The USS Oscar Austin arrived in heavy fog Friday morning and will depart for Norfolk on the 5th.

The community rolls out a big small-town welcome mat for the crewmen, especially when the landing gives them their first taste of American soil in many months. (Not so, this time; they instead sailed up the coast.) The arrival is rather quaint, actually, even if their focus sometimes seems to be on the local bars. There is a basketball game between the sailors and the high school alum, too, though I doubt the stakes are high.

Eastport does claim to have the biggest Independence Day bash in the state, and the Navy’s destroyer is just part of it. .

Many of the sailors are being joined by their families, who will then continue with them on the final leg of this voyage.
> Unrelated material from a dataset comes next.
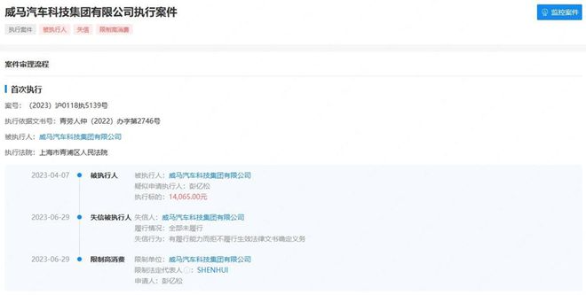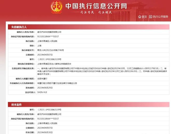 近日,据中国执行信息公开网消息显示,威马汽车科技集团有限公司新增一则限制消费令。信息显示,2023年4月7日立案的一起仲裁案件中,因法院判决的14065元未能够履行,法院认为威马汽车科技集团有限公司有履行能力而拒不履行生效法律文书确定义务,将公司及单位法定代表人SHEN HUI(沈晖)列为失信被执行人,也就是俗称的老赖。

Bringing such a vessel to dock is no small venture. The skipper of such a ship doesn’t just spin the compass to see where he’s going next. Rather, the itinerary is planned months in advance, with many protocols to be observed. In our case, that includes both U.S. and Canadian officials. The pilot’s plan document reads like a small phone book, minute by minute, and it’s not just about tides and currents at the expected time of arrival.

Heavy fog was a complicating factor, and we could hear the ship’s bold horn booming long before we could see the massive vessel emerge nearly alongside the Breakwater.

It materialized out of the fog and a very loud booming horn.
Details, including the crew, slowly came into view.
The ship was pushed to the dock by tugboats.